====== Exercise data ======

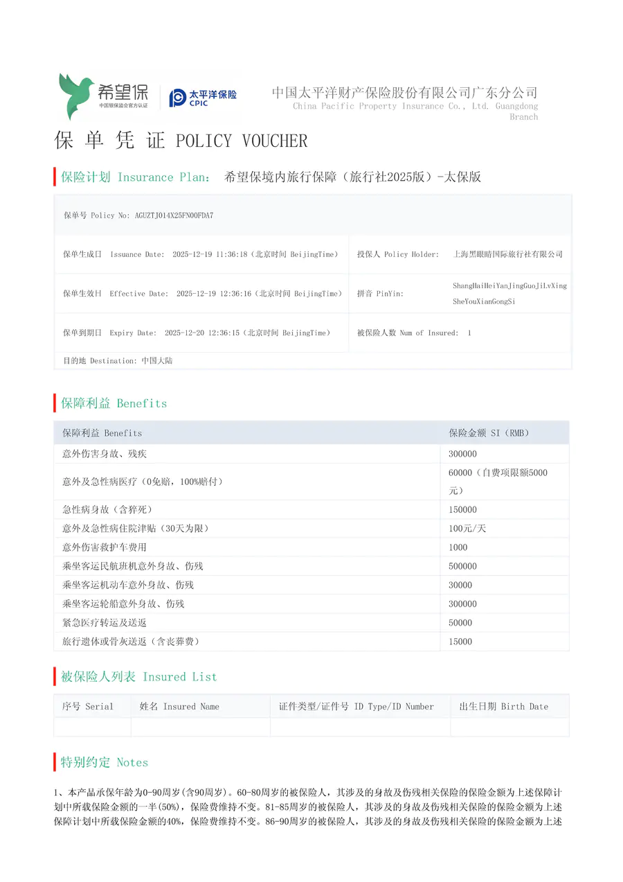 黑眼睛文旅合法资质、旅责险和给客户购买的保险公示
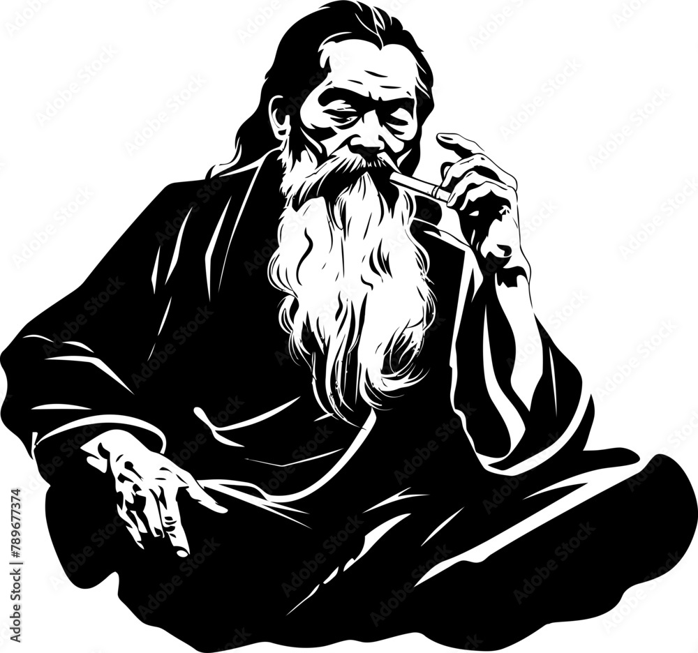 Obraz na plátně Eternal Emanation Old Asian Smoker Design Vintage Vapor Long Bearded Gentleman E
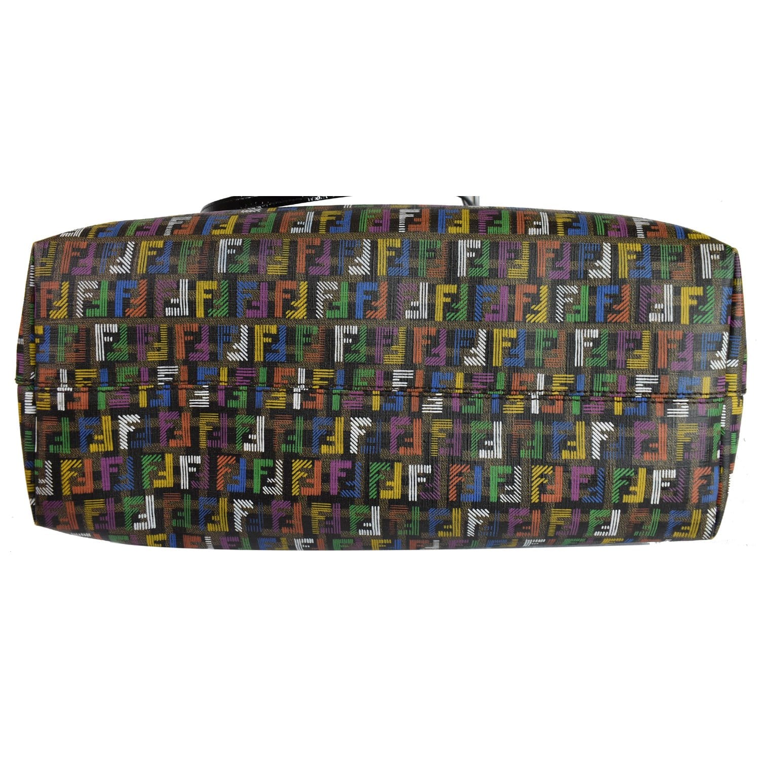 FENDI Zucca Print Roll Canvas Shoulder Tote Bag Multicolor
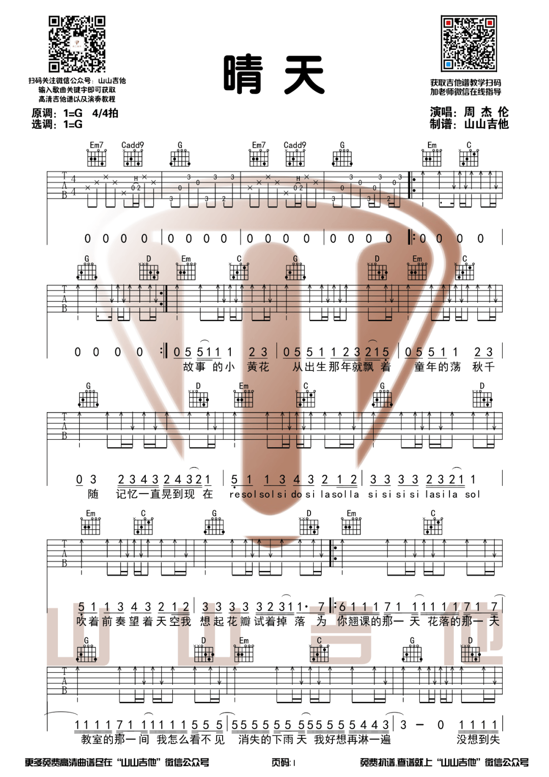 晴天吉他谱 - 山山吉他 - 吉他弹唱谱
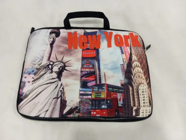 Detalles del productoFunda para portátil con diseño de Nueva York, mostrando la Estatua de la Libertad y el skyline.
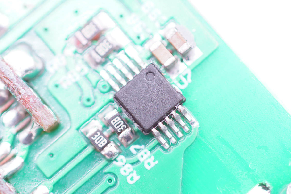 主板背面,設(shè)有整流橋、開(kāi)關(guān)電源核心器件、MCU等,整體外圍電路非常簡(jiǎn)潔,初次級(jí)間鏤空以穿過(guò)絕緣隔離板。
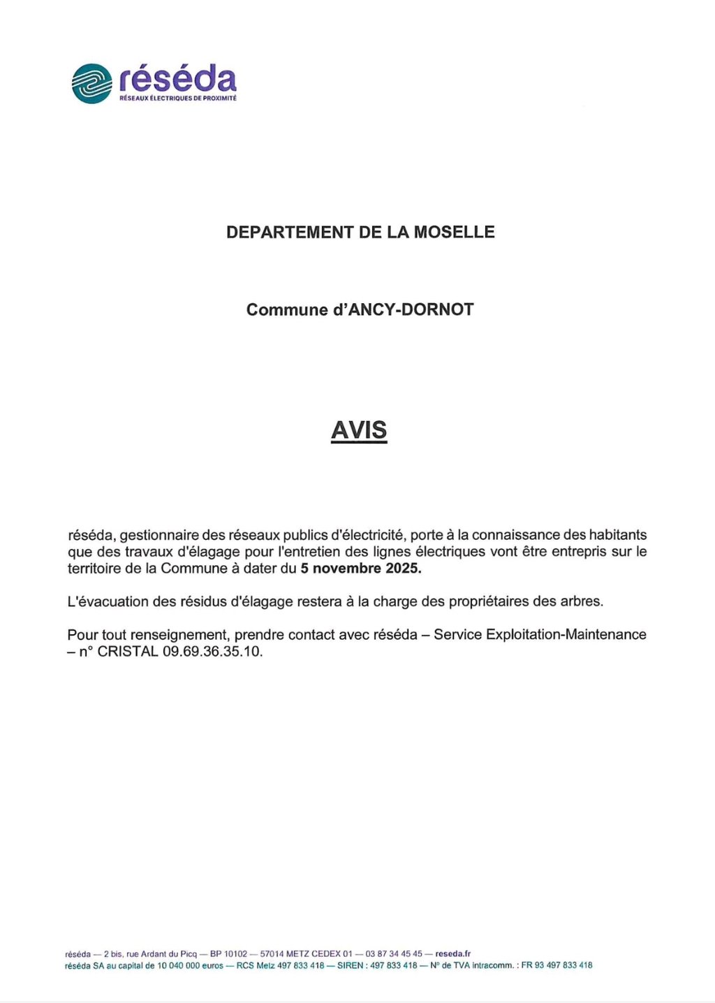 Des travaux d'élagage pour l'entretien des lignes électriques vont être réalisés sur Ancy-Dornot à compter du 5 novembre.
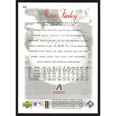 This is a 2001 Sweet Spot Steve Finley baseball card. The card is #40 and pictures show condition.
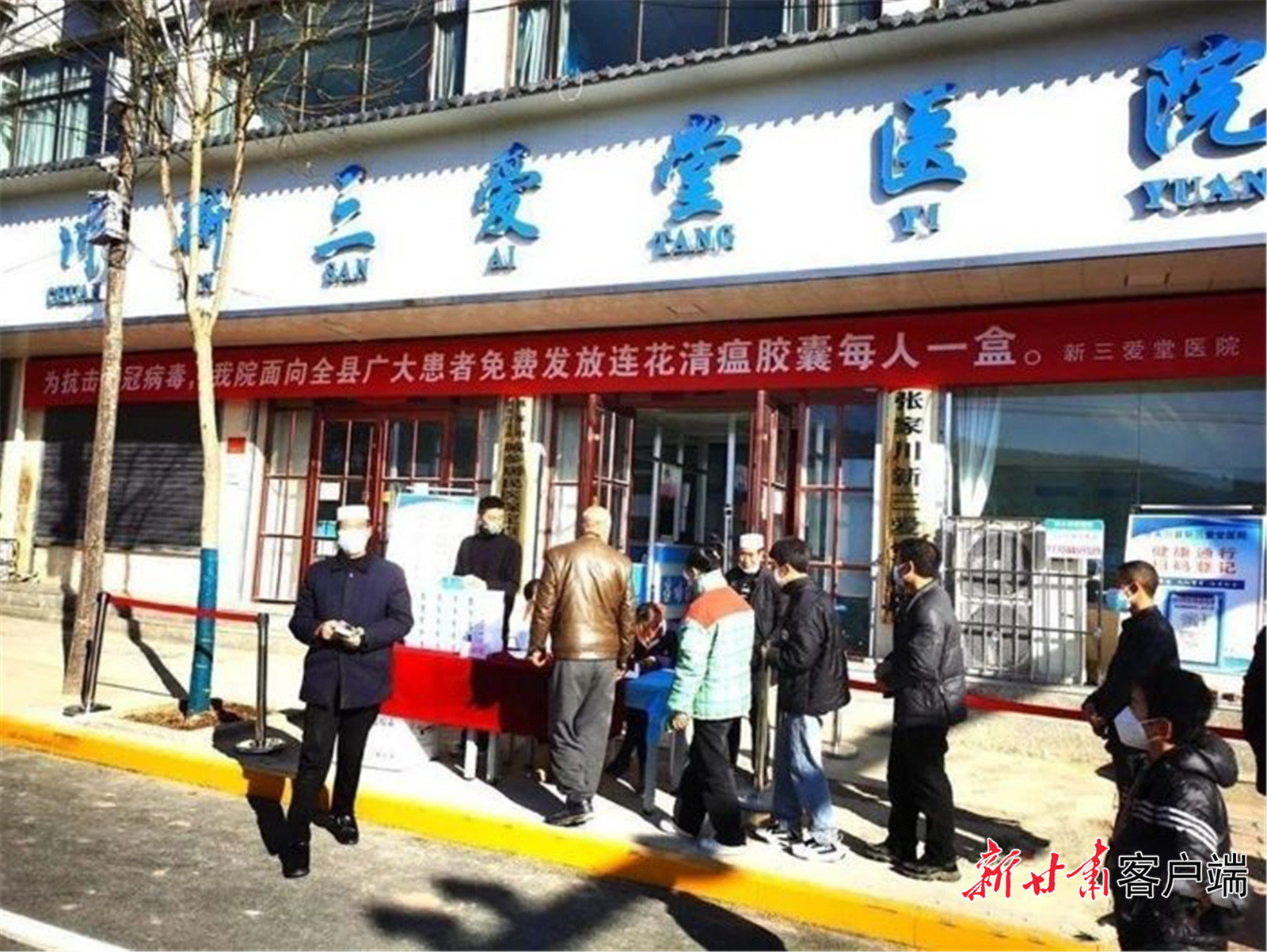 12月23日上午,在张家川回族自治县张家川镇和平西路新三爱堂医院门前,不少居民排队领到了连花清瘟胶囊。
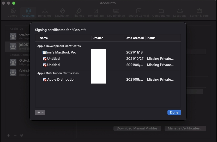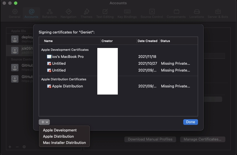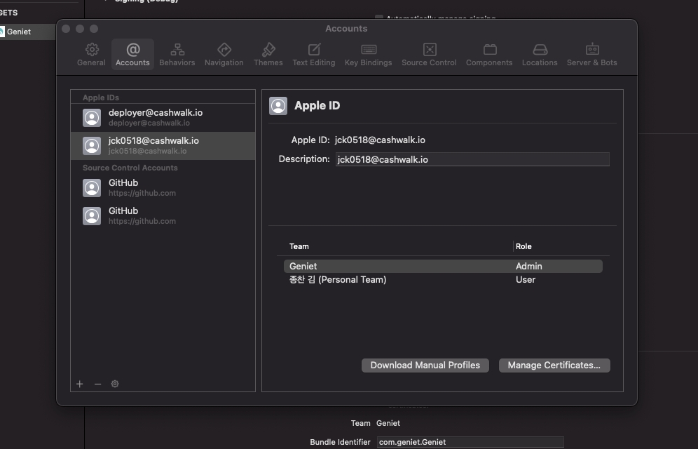 XCode로 만드는 더 쉬운 방법이 있다. XCode에서 Accounts창을 열고 권한을 받은 내 메일을 클릭하고 팝업창 우하단에 Manage Certificates를 클릭한다.
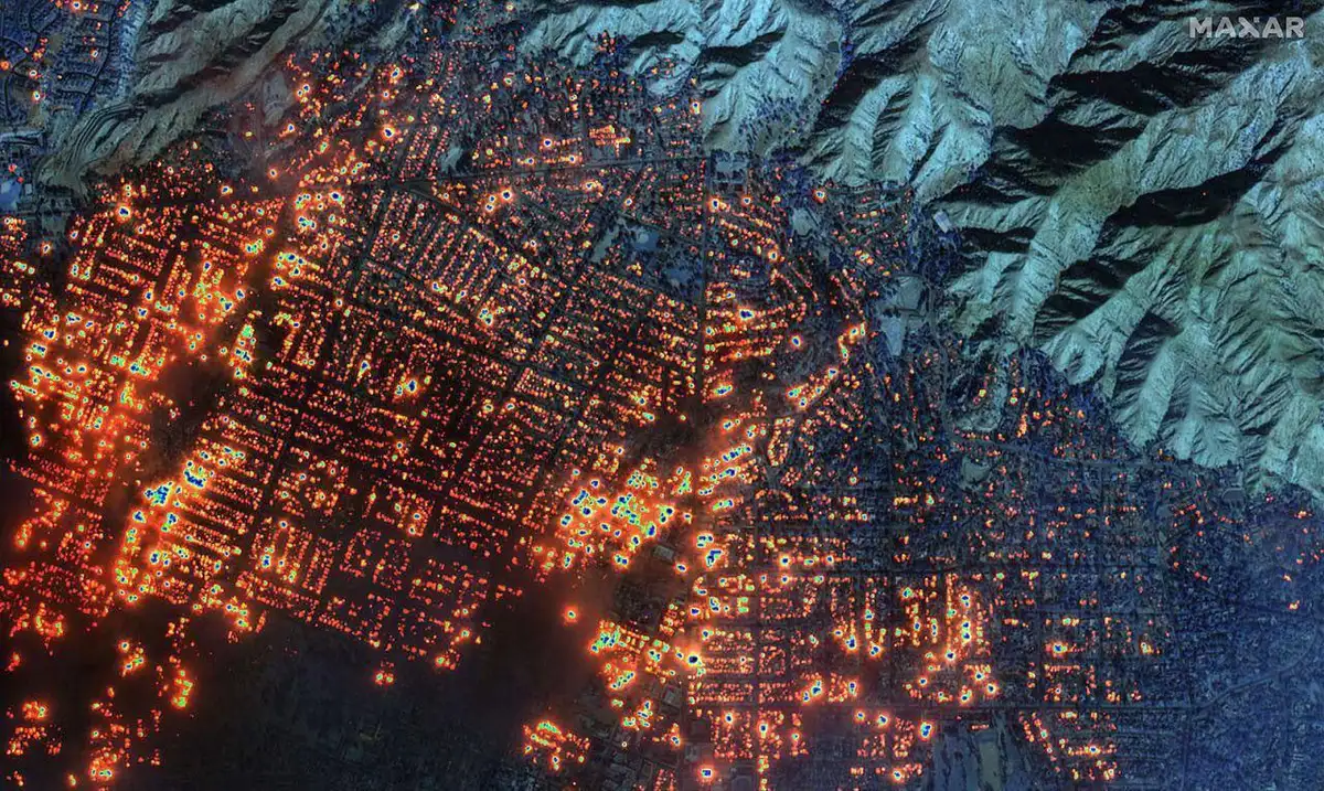 Сравнительные снимки Лос-Анджелеса до и после пожара демонстрируют масштаб разрушений: целые кварталы, включая прибрежный район Малибу, практически стерты с лица земли.
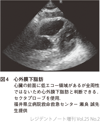 - 心窩部像で心嚢液の存在を指摘できる
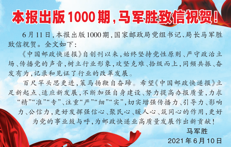 国家邮政局党组书记、局长马军胜发来贺信,鼓励《中国邮政快递报》立足新起点、适应新发展,不断加强自身建设、努力提高办报质量,力求“精”“准”“专”、注重“严”“细”“实”,切实增强传播力、引导力、影响力、公信力,更好发挥强信心、聚民心、暖人心、筑同心的作用,更好为党的事业鼓与呼,为邮政快递业高质量发展作出新贡献!
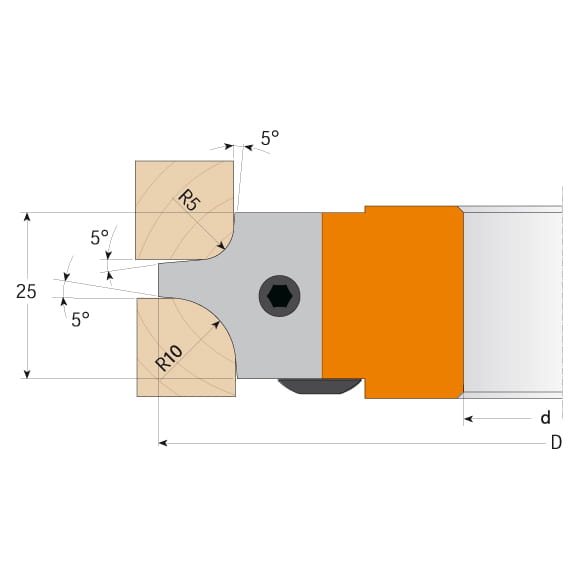 Innowacyjna głowica frezująca, mająca możliwość zamontowania trzech różnych noży, tworzących zaokrąglenie 6 różnych promieni. Standardowa głowica posiada promienie 5 i 10 mm; pozostałe dwa noże, do dokupienia, mają tworzyć promienie o rozmiarach 4-8 mm i 3-6 mm. Do zastosowania na frezarkach dolnowrzecionowych i formatyzerkach. Do wszystkich materiałów, idealna do drewna litego oraz materiałów drewnopochodnych.
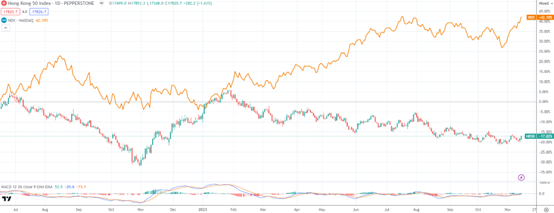 橙色的K线是美国纳斯达克,从2022年7月份以来,已经上涨了42%,但是HK50香港很伤感,下跌了17%,所以落后了60%。真是同样是股民,投恒生的,去年100万,今年是80万,投纳斯达克的,去年是100万,今年是142万。差出来一套房了。所以,HK50目前价格很低,如果政策底连续筑底,且美元回流美国速度减弱,加息结束,未来新兴市场的资金会更加充足,有更大的上涨潜力。
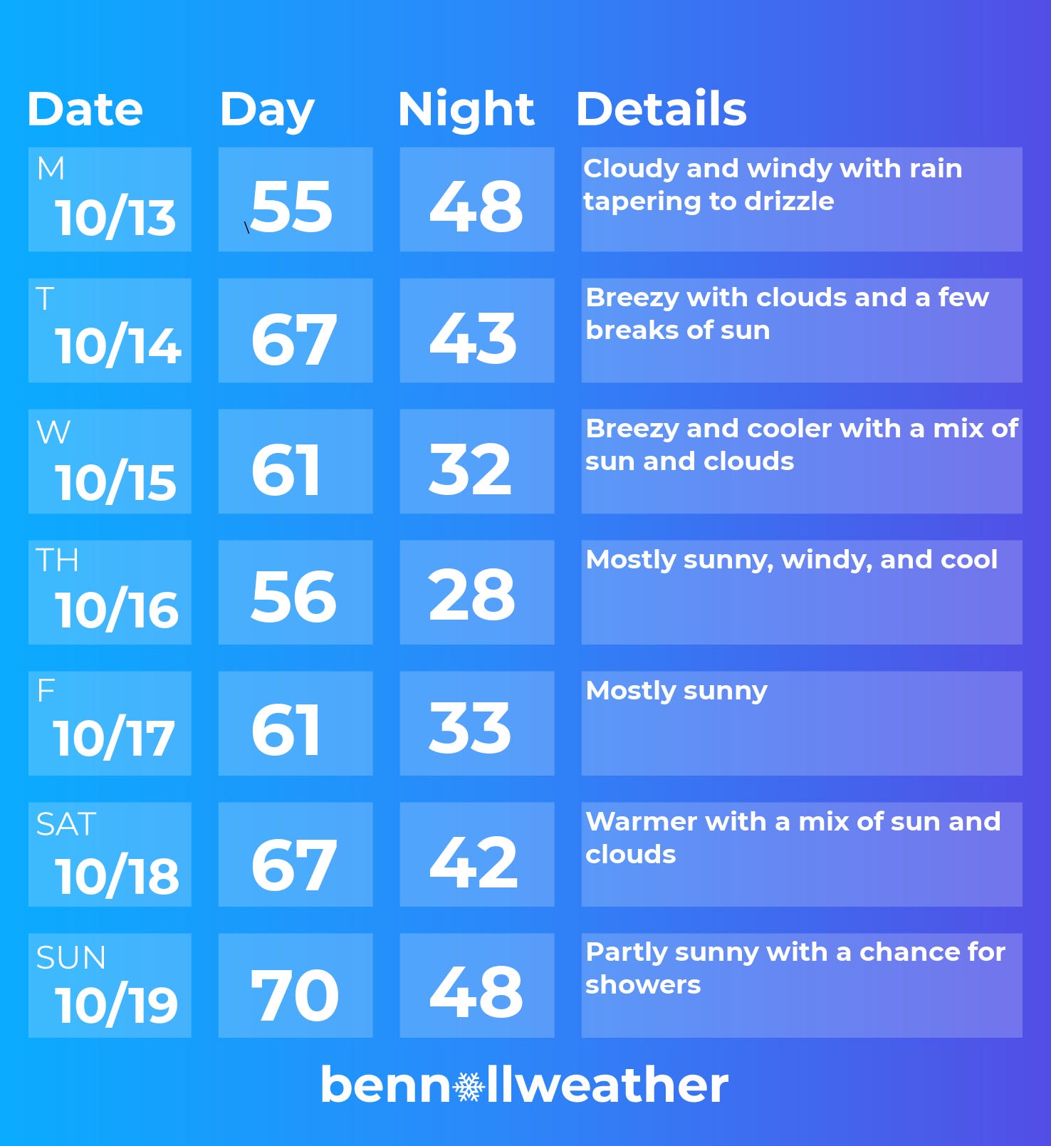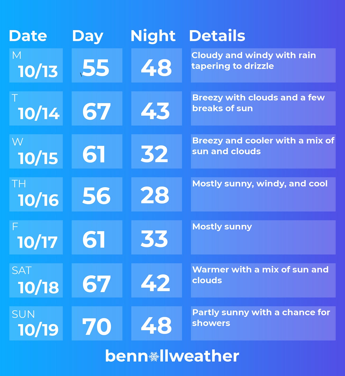 Looking ahead to the week of October 20, conditions may be mild to start followed by a cool down with occasional rain chances. Because of a strong jet stream over the country, winds could be elevated again.
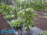 5月4日株間80cm黒マルチ使用により定植。混植栽培(ニラ・落花生・枝豆) | 京波 | ![]() 5月7日現在 |
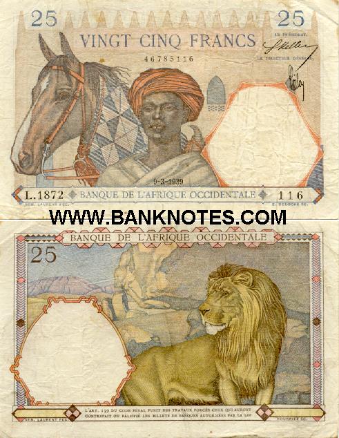 Texts: Banque de l'Afrique Occidentale. Vingt Cinq Francs. Twenty Five Francs. L'Article 139 du Code Pénal punit des Travaux Forcés ceux qui auront contrefait ou falsifié les billets de Banques autorisées par la loi.
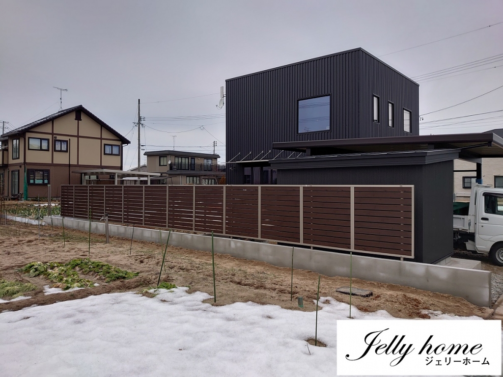敷地の南側と西側は畑のため日当たりが最高に良く、建物と一体化になった外構部分も一際目立っている。

======

Required work
For the data above, set down exactly the lines from the line with "Obraz na plátně" to the line with "晴天吉他谱 - 山山吉他 - 吉他弹唱谱", both included, leaving pictures out.

Output of the task
 Obraz na plátně Eternal Emanation Old Asian Smoker Design Vintage Vapor Long Bearded Gentleman E
 FENDI Zucca Print Roll Canvas Shoulder Tote Bag Multicolor
 晴天吉他谱 - 山山吉他 - 吉他弹唱谱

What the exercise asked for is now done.